Face à la prolifération des dérives en ligne, l’encadrement du cyberespace congolais devient une urgence nationale. Photojournaliste, journaliste, enseignant en communication à l’Université de Lubumbashi (UNILU) et ambassadeur du travail en RDC, Jonathan Kamunga sollicite une régulation rigoureuse de l’usage des réseaux sociaux en République démocratique du Congo.

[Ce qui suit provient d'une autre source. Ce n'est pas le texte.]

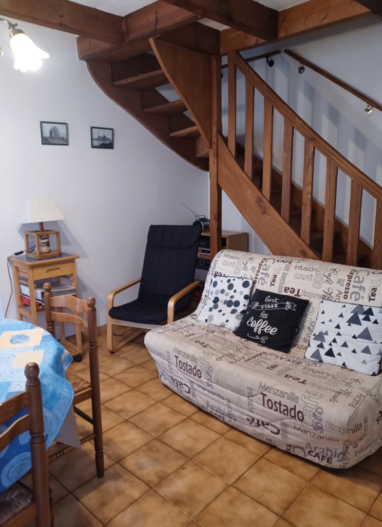 • au rez-de-chaussée : 1 pièce à vivre avec TV, jeux, lecture, 1 salle de bains baignoire/douche, WC indépendants, coin cuisine complet
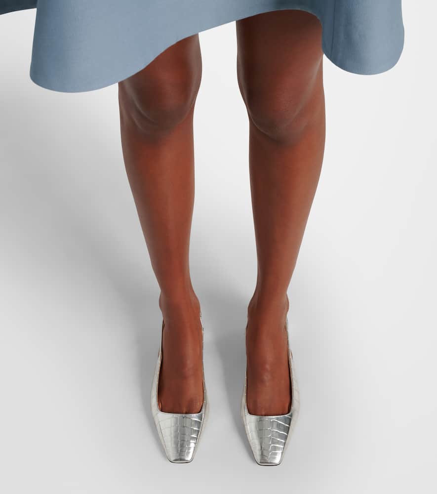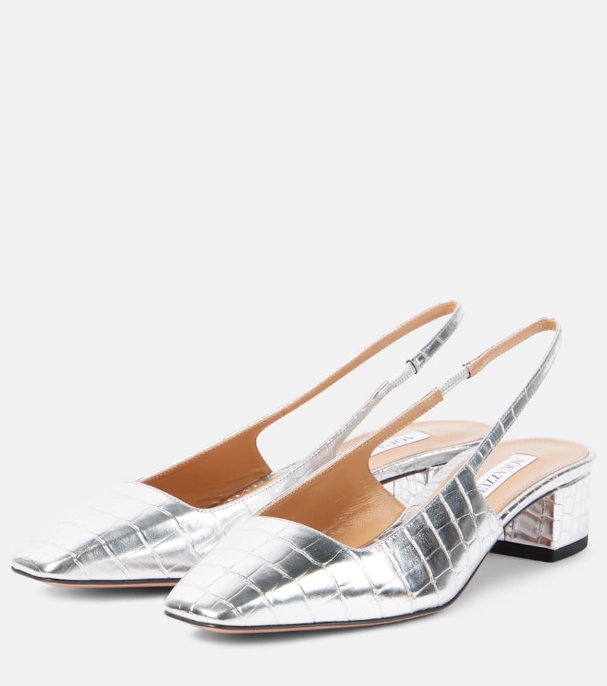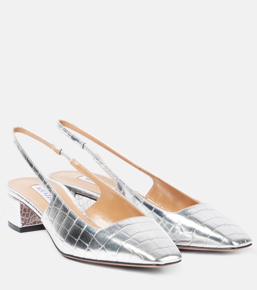 Upper: leather. Lining: leather. Sole: leather insole and sole. Toe shape: square toe. Made in Italy. Includes: shoe box, dust bag. Designer color name: Silver. Closure: ankle strap. Shop the latest Aquazzura Mid-Heel Pumps for women now.

Au cœur de sa réflexion figure un constat paradoxal : alors que des opérateurs locaux comme Airtel, Orange, Vodacom ou Africell fournissent l’accès aux plateformes telles que WhatsApp, ils se trouvent dans l’incapacité de rétablir les victimes dans leurs droits en cas de diffamation, de piratage ou de cyberharcèlement. La raison est simple : ces applications sont éditées et gérées par des multinationales basées à l’étranger, échappant ainsi à la juridiction directe des acteurs télécoms opérant sur le sol congolais.

Cette impasse met en lumière les limites du cadre légal actuel. Certes, la RDC s’est dotée d’un nouveau Code du numérique via l’ordonnance-loi de mars 2023, mais sa mise en œuvre effective se heurte à un verrou majeur. Entre l’absence de sièges sociaux de ces géants du Web dans le pays et la complexité des mécanismes institutionnels de contrôle, l’État peine à imposer des règles du jeu contraignantes.

Pour Jonathan Kamunga, il ne s’agit pas de restreindre la liberté d’expression, mais d’imposer une responsabilité éditoriale et légale à la hauteur des enjeux. Sans un partenariat structuré et des mécanismes de coopération transfrontalière, le citoyen congolais restera vulnérable face à des plateformes transnationales qui engrangent des profits locaux sans assumer les dégâts sociaux qu’elles génèrent.